Décryptage par les journalistes du média indépendant Les Surligneurs
Nombreuses et très actives à Bruxelles, les ONG pro-environnement font l’objet de lourdes mises en cause de la part de la droite de l’UE qui dénonce notamment l’existence d’un système de « lobbying fantôme » : des ONG auraient suivi les « instructions » de la Commission européenne en échange de subventions. Si les preuves font défaut, celles qui ont contribué à façonner le Green Deal européen pourraient à l’avenir voir leurs financements coupés, à l’heure où l’UE a enclenché la marche arrière sur le plan écologique. Décryptage.
Y a-t-il quelque chose de louche quant aux aides publiques versées par l’UE aux ONG vertes ? C’est ce qu’affirment à cor et à cri de nombreux élus de l’hémisphère droit du Parlement européen. Depuis fin 2024, le Parti populaire européen (PPE, droite), le premier groupe de l'hémicycle, dénonce, en particulier, l’existence d’un prétendu système de « lobbying fantôme » liant ces organisations à la Commission européenne. Ces dernières années, des ONG auraient reçu des subventions de l’exécutif européen en échange de leur engagement à suivre ses « instructions » : c’est-à-dire à faire pression sur des parlementaires et les États membres en faveur des projets de réforme du Pacte vert européen.

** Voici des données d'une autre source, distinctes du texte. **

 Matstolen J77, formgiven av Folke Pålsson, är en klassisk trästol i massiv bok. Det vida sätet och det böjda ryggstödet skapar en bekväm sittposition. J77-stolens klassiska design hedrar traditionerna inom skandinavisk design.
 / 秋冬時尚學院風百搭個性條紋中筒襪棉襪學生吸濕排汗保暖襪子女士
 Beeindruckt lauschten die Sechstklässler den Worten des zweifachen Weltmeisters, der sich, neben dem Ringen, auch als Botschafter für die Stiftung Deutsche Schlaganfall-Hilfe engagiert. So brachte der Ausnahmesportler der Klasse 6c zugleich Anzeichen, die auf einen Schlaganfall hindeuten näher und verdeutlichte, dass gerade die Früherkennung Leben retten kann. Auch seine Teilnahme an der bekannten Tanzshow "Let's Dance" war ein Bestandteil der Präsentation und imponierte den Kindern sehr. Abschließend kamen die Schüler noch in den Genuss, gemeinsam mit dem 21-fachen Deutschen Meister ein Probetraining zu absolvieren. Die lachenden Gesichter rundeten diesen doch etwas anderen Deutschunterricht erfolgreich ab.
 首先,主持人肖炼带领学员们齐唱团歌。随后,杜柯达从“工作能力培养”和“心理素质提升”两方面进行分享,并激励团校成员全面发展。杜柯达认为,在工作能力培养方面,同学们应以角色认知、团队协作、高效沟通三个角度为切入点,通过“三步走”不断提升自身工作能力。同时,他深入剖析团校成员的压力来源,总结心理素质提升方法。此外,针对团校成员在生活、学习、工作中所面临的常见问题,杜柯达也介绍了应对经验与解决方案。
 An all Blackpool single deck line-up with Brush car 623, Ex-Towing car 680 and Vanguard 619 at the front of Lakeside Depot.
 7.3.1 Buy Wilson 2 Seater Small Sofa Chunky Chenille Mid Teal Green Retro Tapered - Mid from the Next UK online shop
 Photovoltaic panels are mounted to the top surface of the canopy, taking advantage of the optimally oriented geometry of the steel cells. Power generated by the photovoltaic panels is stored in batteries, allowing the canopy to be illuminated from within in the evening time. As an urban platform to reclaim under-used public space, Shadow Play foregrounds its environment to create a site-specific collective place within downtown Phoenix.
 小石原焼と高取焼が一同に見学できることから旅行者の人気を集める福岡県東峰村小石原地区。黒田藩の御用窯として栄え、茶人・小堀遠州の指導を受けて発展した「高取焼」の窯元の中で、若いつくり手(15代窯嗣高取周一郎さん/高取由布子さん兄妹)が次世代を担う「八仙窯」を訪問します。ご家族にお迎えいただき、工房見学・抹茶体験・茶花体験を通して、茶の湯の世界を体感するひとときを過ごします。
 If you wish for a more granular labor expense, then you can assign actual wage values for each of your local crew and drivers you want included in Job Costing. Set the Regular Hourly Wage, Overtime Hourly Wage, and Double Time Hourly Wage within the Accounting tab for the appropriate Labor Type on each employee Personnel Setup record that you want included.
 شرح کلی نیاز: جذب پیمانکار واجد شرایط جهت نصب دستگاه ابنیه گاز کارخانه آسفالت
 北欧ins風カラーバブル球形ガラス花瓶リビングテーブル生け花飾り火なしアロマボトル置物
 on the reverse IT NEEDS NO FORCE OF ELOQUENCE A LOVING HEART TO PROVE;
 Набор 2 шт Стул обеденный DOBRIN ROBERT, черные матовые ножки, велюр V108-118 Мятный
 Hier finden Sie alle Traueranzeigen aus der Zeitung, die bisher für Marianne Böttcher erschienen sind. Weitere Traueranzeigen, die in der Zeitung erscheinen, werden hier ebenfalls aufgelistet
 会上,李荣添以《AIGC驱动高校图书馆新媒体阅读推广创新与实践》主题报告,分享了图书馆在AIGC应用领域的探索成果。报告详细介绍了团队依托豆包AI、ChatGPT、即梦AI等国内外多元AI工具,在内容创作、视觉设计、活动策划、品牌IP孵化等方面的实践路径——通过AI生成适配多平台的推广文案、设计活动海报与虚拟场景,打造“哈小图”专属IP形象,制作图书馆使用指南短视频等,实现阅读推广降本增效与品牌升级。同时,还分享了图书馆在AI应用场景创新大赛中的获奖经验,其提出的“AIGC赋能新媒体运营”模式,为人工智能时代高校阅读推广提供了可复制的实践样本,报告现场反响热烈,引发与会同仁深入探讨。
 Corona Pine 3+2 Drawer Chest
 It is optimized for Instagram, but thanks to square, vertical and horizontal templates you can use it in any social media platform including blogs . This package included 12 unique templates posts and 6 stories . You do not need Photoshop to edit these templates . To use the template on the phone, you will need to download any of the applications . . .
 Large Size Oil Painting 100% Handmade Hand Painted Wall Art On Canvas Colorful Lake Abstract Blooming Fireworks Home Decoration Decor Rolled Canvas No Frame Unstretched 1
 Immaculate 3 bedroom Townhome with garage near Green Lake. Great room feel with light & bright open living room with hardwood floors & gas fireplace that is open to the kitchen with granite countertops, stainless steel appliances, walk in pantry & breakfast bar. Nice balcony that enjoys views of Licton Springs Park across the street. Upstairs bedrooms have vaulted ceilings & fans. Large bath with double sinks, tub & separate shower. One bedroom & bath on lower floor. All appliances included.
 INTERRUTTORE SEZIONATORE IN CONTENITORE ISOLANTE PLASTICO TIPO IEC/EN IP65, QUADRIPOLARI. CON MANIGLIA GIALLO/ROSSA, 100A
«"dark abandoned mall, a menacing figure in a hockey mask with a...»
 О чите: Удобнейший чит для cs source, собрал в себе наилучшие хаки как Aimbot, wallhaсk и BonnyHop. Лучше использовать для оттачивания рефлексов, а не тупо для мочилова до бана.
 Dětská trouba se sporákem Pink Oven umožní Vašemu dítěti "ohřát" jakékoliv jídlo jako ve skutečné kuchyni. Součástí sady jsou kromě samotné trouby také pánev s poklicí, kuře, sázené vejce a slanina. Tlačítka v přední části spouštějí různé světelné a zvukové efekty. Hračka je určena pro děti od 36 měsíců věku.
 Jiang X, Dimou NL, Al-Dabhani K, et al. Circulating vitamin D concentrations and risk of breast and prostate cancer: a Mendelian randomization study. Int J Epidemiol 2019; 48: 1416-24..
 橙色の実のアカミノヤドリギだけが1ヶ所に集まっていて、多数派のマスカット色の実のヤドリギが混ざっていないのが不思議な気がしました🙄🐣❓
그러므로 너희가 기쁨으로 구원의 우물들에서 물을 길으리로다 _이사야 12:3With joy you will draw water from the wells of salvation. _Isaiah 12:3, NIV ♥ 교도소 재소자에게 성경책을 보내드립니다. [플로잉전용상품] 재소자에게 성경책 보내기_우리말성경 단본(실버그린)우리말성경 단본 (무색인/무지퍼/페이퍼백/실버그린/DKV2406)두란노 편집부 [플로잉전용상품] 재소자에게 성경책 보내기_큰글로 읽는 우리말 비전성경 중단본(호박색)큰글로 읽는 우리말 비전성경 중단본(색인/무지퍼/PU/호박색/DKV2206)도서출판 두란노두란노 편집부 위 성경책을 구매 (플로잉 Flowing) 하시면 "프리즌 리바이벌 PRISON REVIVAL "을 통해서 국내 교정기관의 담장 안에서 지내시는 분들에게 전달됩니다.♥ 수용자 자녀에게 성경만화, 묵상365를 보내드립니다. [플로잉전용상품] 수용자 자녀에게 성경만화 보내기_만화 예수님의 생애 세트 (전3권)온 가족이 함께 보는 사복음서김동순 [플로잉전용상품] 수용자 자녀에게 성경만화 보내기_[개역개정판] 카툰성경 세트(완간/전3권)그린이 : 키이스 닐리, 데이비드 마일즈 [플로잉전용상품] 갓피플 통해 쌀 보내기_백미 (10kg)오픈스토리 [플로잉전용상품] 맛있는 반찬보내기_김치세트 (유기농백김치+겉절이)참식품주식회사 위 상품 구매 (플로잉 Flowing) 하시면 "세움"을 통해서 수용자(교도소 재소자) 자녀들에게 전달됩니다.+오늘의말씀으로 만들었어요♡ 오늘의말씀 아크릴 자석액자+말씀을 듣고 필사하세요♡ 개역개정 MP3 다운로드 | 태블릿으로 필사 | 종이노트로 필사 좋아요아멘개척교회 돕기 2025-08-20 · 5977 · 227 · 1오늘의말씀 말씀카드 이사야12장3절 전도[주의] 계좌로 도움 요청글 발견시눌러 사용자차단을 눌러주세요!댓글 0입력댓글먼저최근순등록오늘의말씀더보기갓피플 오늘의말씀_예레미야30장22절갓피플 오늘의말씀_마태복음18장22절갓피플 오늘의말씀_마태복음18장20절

De fait, nombreuses et très actives à Bruxelles, lesdites ONG, comme le Bureau européen de l'environnement, les Amis de la Terre, ou la fédération Transport et Environnement (T&E) ont grandement contribué à faire advenir le fameux « Green Deal » lors du précédent mandat de la Commission européenne (2019-2024).
À coups d’études scientifiques, de lettres ouvertes, de rendez-vous avec les législateurs et autres évènements, les ONG ont participé à modeler les multiples législations vouées à faire évoluer les secteurs des transports, de l’énergie, des industries lourdes, de la finance, ou encore du commerce international vers l’objectif de neutralité carbone en 2050. Pour autant, les accusations du PPE, initiées par la chrétienne-démocrate allemande Monika Hohlmeier et abondamment reprises à l’extrême droite, sont-elles étayées ?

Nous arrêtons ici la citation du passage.